PulpGulp Stop burning Claude usage on massive system logs. PulpGulp is a Windows desktop app that condenses large system logs using your local LLM, so you can paste the condensed output to Claude (or any AI assistant) without hitting usage limits or losing critical diagnostic info. Built for vibe coders who generate walls of error logs and need to get them into Claude fast.
How It Works Load or paste your log (drag-drop, browse, or paste directly) Pick a condensing level — Light (cleanup), Normal (diagnostic narrative), or Heavy (errors only) Hit Condense — PulpGulp chunks the log, sends each chunk to your local LLM, then merges the results into one coherent document Copy the output and paste it to Claude Everything runs locally. No cloud APIs. No data leaves your machine.

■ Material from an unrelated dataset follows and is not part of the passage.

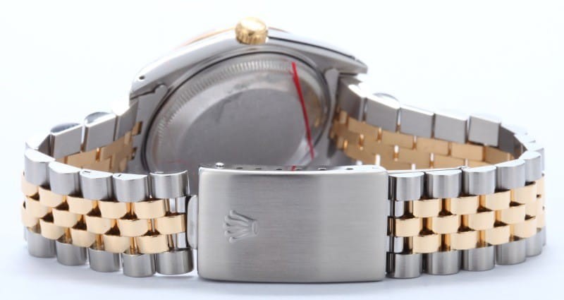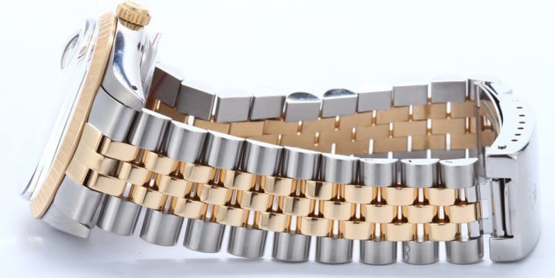 - Case: Stainless steel w/ yellow gold engine-turned bezel (34mm)

Features Two input modes — Load File (drag-drop or browse) and Paste Text (toggle between them) Three condensing levels — Light / Normal / Heavy depending on how aggressive you want the reduction Smart chunking — Splits large logs into configurable chunks (default 500 lines), processes each, then hierarchically merges Live progress — Smooth progress bar and streaming terminal output as chunks complete Output stats — Shows original lines, condensed lines, and reduction percentage Connection monitoring — Green/red status dot, auto-checks LM Studio every 10 seconds Output actions — Copy to Clipboard, Save File, or Show in Folder
Requirements Windows 10/11 LM Studio — download here A local LLM loaded in LM Studio — tested with Qwen 3.6-27B Instruct (Q6_K), but any model with decent instruction-following works Python 3.10+ (if running from source)
Quick Start (from source)
# Clone the repo
git clone https://github.com/dennyvgeorge/PulpGulp.git
cd PulpGulp
# Install dependencies
pip install -r requirements.txt
# Start LM Studio and load a model, then start the local server (default port 1234)
# Run PulpGulp
python pulpgulp.pyQuick Start (pre-built .exe)

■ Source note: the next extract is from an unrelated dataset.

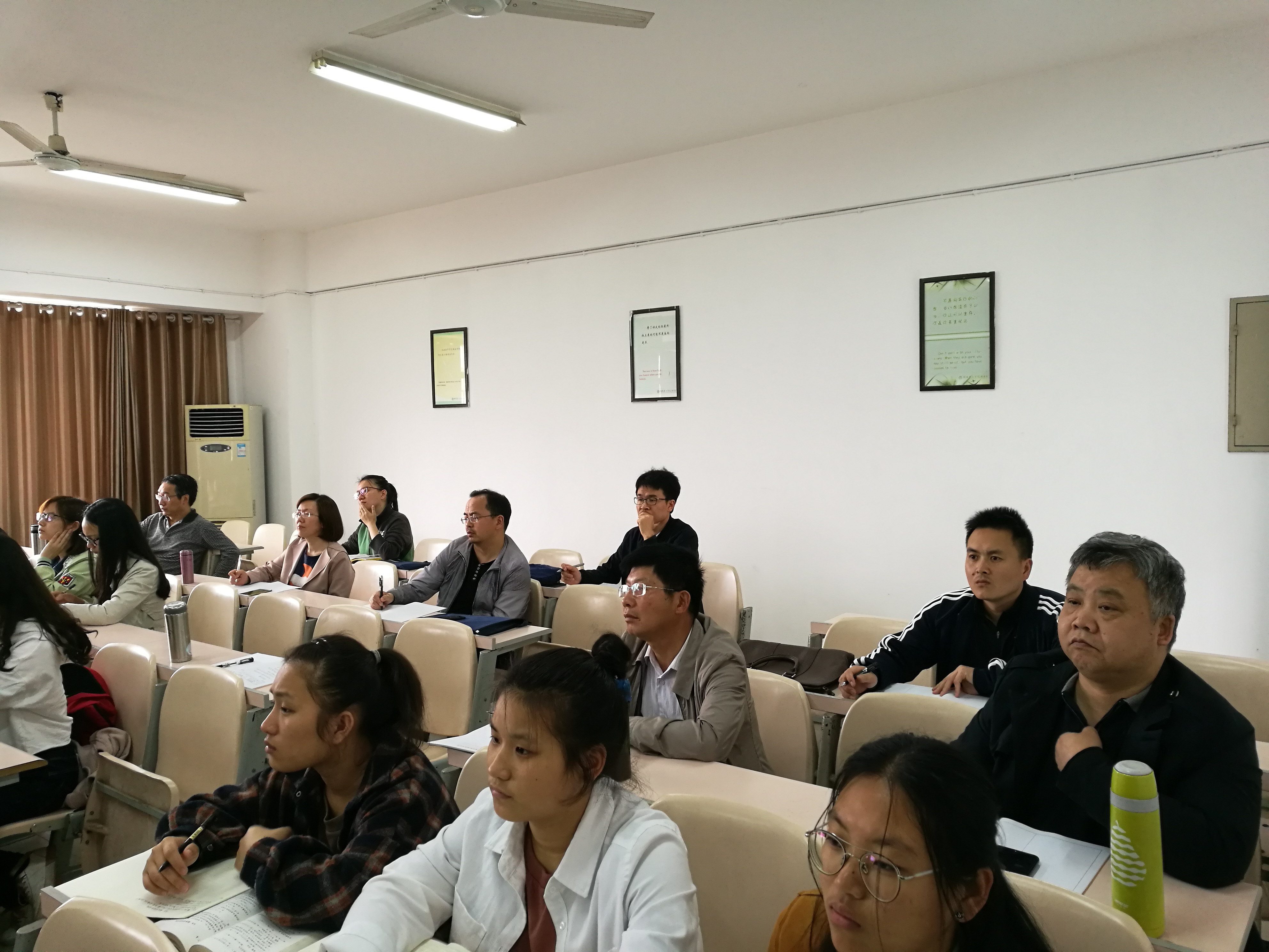 本学期近两年新进两位博士罗德仁、周潘岳老师承担了高等代数课程,学院督导组与高等数学教研室联合开展系列教研活动,4月26日高等数学教研室组织安排了两位博士的高等代数公开课,本院督导组成员与部分教师参与了听课活动,课后针对两位博士本堂课教学进行了沟通交流。

Download the latest release, extract the folder, and run PulpGulp.exe. Make sure LM Studio is running with a model loaded and the local server started on port 1234.
Project Structure
PulpGulp/
├── pulpgulp.py # Entry point (splash → main window)

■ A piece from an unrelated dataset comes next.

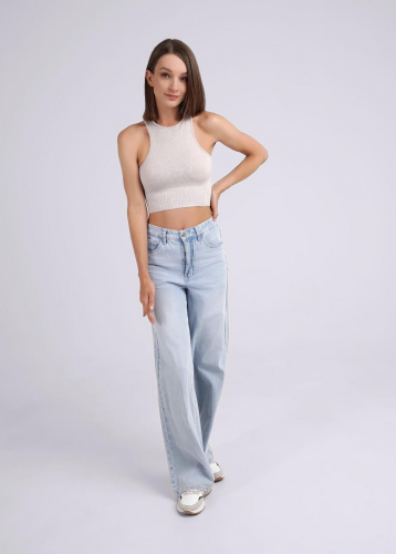 Женская майка-топ из микрофибры с эффектом "Варки". Майка плотного прилегания, по низу вывязана широкая резинка

├── requirements.txt # PyQt6, requests, chardet
├── gen_test.py # Test log generator (5000 lines)
├── src/
│ ├── api_client.py # LM Studio API client (connection check, retry logic)
│ ├── chunker.py # File reading, encoding detection, chunking, stats
│ ├── condenser.py # Per-chunk extraction + hierarchical merge
│ ├── main_window.py # PyQt6 main window (all UI states)
│ ├── prompts.py # Light/Normal/Heavy system prompts + merge prompt
│ ├── splash_screen.py # Splash screen with fade-out
│ ├── styles.py # Complete stylesheet (dark theme)
│ └── worker.py # QThread worker with progress signals
└── assets/
├── logo_header.png # Main window logo
└── splash.png # Splash screen image
How It's Built PulpGulp was built using a three-tier AI workflow: Gemini — brainstorming and architecture review Claude — execution planning, architecture decisions, exact code generation Qwen 3.6-27B (via Aider + LM Studio) — local code typist executing Claude's instructions The UI was designed in Adobe Illustrator and implemented in PyQt6 with a custom dark theme.
License MIT — do whatever you want with it.